The final stage of data preparation is to consolidate all of the predictor columns into a single column.

An updated version of the flights data, which takes into account all of the changes from the previous few exercises, has the following predictor columns:

mon, dom and dow
carrier_idx (indexed value from carrier)
org_idx (indexed value from org)
km
depart
duration

In [20]:
# Import the necessary class
from pyspark.ml.feature import VectorAssembler

# Create an assembler object
assembler = VectorAssembler(inputCols=[
    'mon', 'dom', 'dow','depart', 'duration','km','carrier_idx', 'org_idx'
], outputCol='features')

# Consolidate predictor columns
flights = assembler.transform(flights)

# Check the resulting column
flights.select('features', 'delay').show(5, truncate=False)

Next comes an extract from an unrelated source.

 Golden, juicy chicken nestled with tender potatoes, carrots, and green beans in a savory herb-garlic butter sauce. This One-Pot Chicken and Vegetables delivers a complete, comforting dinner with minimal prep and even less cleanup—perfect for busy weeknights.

+-----------------------------------------+-----+
|features                                 |delay|
+-----------------------------------------+-----+
|[0.0,22.0,2.0,16.33,82.0,509.0,0.0,0.0]  |30.0 |
|[2.0,20.0,4.0,6.17,82.0,542.0,0.0,1.0]   |-8.0 |
|[9.0,13.0,1.0,10.33,195.0,1989.0,1.0,0.0]|-5.0 |
|[5.0,2.0,1.0,7.98,102.0,885.0,0.0,1.0]   |2.0  |
|[7.0,2.0,6.0,10.83,135.0,1180.0,1.0,0.0] |54.0 |
+-----------------------------------------+-----+
only showing top 5 rows



# Decision Tree

### Train/test split

In [21]:
# Split into training and testing sets in a 80:20 ratio

# For repeatability set a random number seed of 17 for the split.

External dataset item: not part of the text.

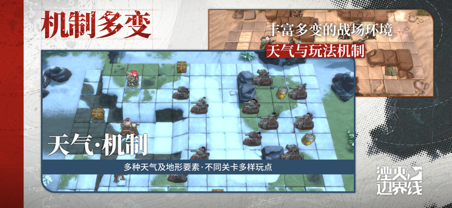 《湮灭:边界线》是一款机甲废土题材的战棋手游。玩家需要在游戏中收集各种角色,安排部队和阵型,并匹配合适的组合阵容来进行回合制的国际象棋战斗。游戏中机甲废土的风格、丰富的地图关卡和大量的任务模式可以给玩家带来不同的游戏挑战。

flights_train, flights_test = flights.randomSplit([0.8, 0.2], seed=17)

In [22]:
flights.count()

47022

In [23]:
flights_train.count()

37592

In [24]:
[flights_train.count(),flights_test.count()]

[37592, 9430]

In [25]:
flights_train.show()

+---+---+---+-------+---+------+--------+-----+------+-----+-----------+-------+--------------------+
|mon|dom|dow|carrier|org|depart|duration|delay|    km|label|carrier_idx|org_idx|            features|
+---+---+---+-------+---+------+--------+-----+------+-----+-----------+-------+--------------------+
|  0|  1|  2|     AA|LGA| 20.42|     185| 31.0|1765.0|    1|        1.0|    3.0|[0.0,1.0,2.0,20.4...|
|  0|  1|  2|     AA|ORD|  8.75|     120|  8.0|1180.0|    0|        1.0|    0.0|[0.0,1.0,2.0,8.75...|
|  0|  1|  2|     AA|ORD| 11.08|     105| 18.0| 985.0|    1|        1.0|    0.0|[0.0,1.0,2.0,11.0...|
|  0|  1|  2|     AA|ORD| 12.67|     160| 68.0|1429.0|    1|        1.0|    0.0|[0.0,1.0,2.0,12.6...|
|  0|  1|  2|     AA|ORD|  15.0|      70| 62.0| 415.0|    1|        1.0|    0.0|[0.0,1.0,2.0,15.0...|
|  0|  1|  2|     AA|ORD| 16.75|     260|137.0|2778.0|    1|        1.0|    0.0|[0.0,1.0,2.0,16.7...|
|  0|  1|  2|     AA|ORD| 17.75|     180|237.0|1926.0|    1|        1.0|    0.0|[0

### Build a Decision Tree

In [26]:
# Import the Decision Tree Classifier class
from pyspark.ml.classification import DecisionTreeClassifier

In [27]:
# Create a classifier object and fit to the training data
tree = DecisionTreeClassifier()

In [28]:
tree_model = tree.fit(flights_train)

In [29]:
# Create predictions for the testing data and take a look at the predictions
prediction = tree_model.transform(flights_test)
prediction.select('label', 'prediction', 'probability').show(5, False)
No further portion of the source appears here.